= Marquis of Soleminis =

Noble title granted in 1651 by Philip IV, king of Spain and king of Sardinia

Marquess of Soleminis is a title granted in 1651 by Philip IV, king of Spain and king of Sardinia, to the Sardinian nobleman Francisco Angel Vico Sonza (or Vico Zonza). It has passed afterwards to the house Amat.

== The grant ==
The eldest son of Don Sebastian Zonza and Doña Isabel Vico, Francisco Vico Zonza, was allowed to use the maternal surname in order not to let her family extinguish and to inherit the fief of Soleminis from the maternal grandfather Don Francisco Vico Artea; upon that fief, he was created the first Marquis of Soleminis.
The fief had been granted to Don Francisco Vico Artea (who had been using the maternal surname first himself) in 1637 as a partial payment of his salaries as a regente (member) in the Council of Aragon, the first Sardinian ever appointed to the post. The village of Soleminis was created by them.

== The inheritance ==
The fief passed over from father to son for three generations, until it passed over to Esperanza, the last Marquis's only surviving child, according to the Spanish and Sardinian succession rules at that time which allowed female succession in case of lack of sons. Esperanza married secondly Don Joseph Amat, Baron of Sorso, issue of an ancient and distinguished Sardinian house of Catalan origin, and the title then passed to her issue. Amat firstborn (the eldest male) has brought the title of Marquess of Soleminis since, among their other titles, and they were recognized as such in Italian official registers until the Italian Republic ceased to recognize nobility titles.
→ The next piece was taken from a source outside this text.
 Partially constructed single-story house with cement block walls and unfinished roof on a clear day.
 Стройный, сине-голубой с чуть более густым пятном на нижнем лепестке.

== List of Marquesses of Soleminis ==
Sources:
- Francisco Angel Vico Sonza, 1st Marquess of Soleminis (born around 1615), 1651-1663; m. Doña Lucrezia Masones;
- Francisco Joseph, 2nd Marquess of Soleminis (b. 1653), son of the latter, 1663-1717; m. 1st Doña Teresa Sanjust Manca of the Counts of San Lorenzo and 2nd Maria Caterina (Spiga) Torrellas Ponti Baroness of Capoterra suo jure, dowager Baroness of Las Plassas;
- Domingo, 3rd Marquess of Soleminis (b. 1686), son of the latter by 1st marriage, 1717-1748; m. Doña Esperanza Amat Petreto of the Barons of Sorso;
- Pedro, 4th Marquess of Soleminis (b. 1712), son of the latter, 1748-1792; m. Doña Eusebia Zapata Sanjust of the Barons of Las Plassas;
- Esperanza (Speranza), 5th Marchioness of Soleminis suo jure, daughter of the latter, 1792-1812; m. 1st Don Gabriel Nin Masones of the Counts of the Castillo and 2nd Joseph Amat Baron of Sorso;
- Vincenzo (Vincenzo Anastasio) Amat Amat, 6th Marquess of Soleminis, Baron of Sorso, Marquess of Saint Philip, Marquess of Albis, etc. (b. 1790), grandson of the latter by 2nd marriage and daughter Eusebia, 1812-1869; m. Donna Emanuela Amat Manca of the Marquesses of Villarios; during his rule fiefs were evicted, so was Soleminis;
- Giovanni Amat Amat, 7th Marquess of Soleminis, etc. (b. 1823), son of the latter, 1869-1879; m. Donna Matilde Quesada Amat of the Marquesses of Saint Sebastian;
- Vincenzo Amat Quesada, 8th Marquess of Soleminis, etc. (b. 1852), son of the latter, 1879-1912; m. 1st Donna Caterina Sanjust Amat of the Barons of Teulada and 2nd Donna Ottavia Sanjust Amat of the Barons of Teulada;
- Luigi Amat Sanjust, 9th Marquess of Soleminis, etc. (b. 1890), son of the latter by 1st marriage, 1912-1966; m. Donna Paola Amat Cartolari of the Marquesses of Saint Philip;
- Vincenzo Amat Amat, 10th Marquess of Soleminis, etc. (b. 1921), son of the latter, 1966-1987; m. Maria Gabriella Corridori.
Present holder is a nephew of the latter, also called Vincenzo, with his younger brother as heir presumptive.

== Sources ==
- Francesco Floris, Feudi e feudatari in Sardegna (in Italian; meaning Fiefs and feudal lords in Sardinia), Cagliari, Della Torre, 1996, pp. 000–000. ISBN 8873432883.
- Origen del Cavallerato y de la Nobleza de varias Familias del Reyno de Cerdeña manuscript Amat 1775-1790 (in Spanish; meaning Origin of the knighthood and nobility of various families from the kingdom of Sardinia), Associazione nobiliare araldica genealogica regionale della Sardegna, Cagliari, Libreria Cocco, 1977, article Vico.
- Francesco Floris and Sergio Serra, Storia della nobiltà in Sardegna. Genealogia e araldica delle famiglie nobili sarde (in Italian; meaning History of nobility in Sardinia. Genealogy and heraldry of Sardinian noble families), Cagliari, Della Torre, 1986, articles Vico and Zonza. ISBN 978-88-7343-418-4.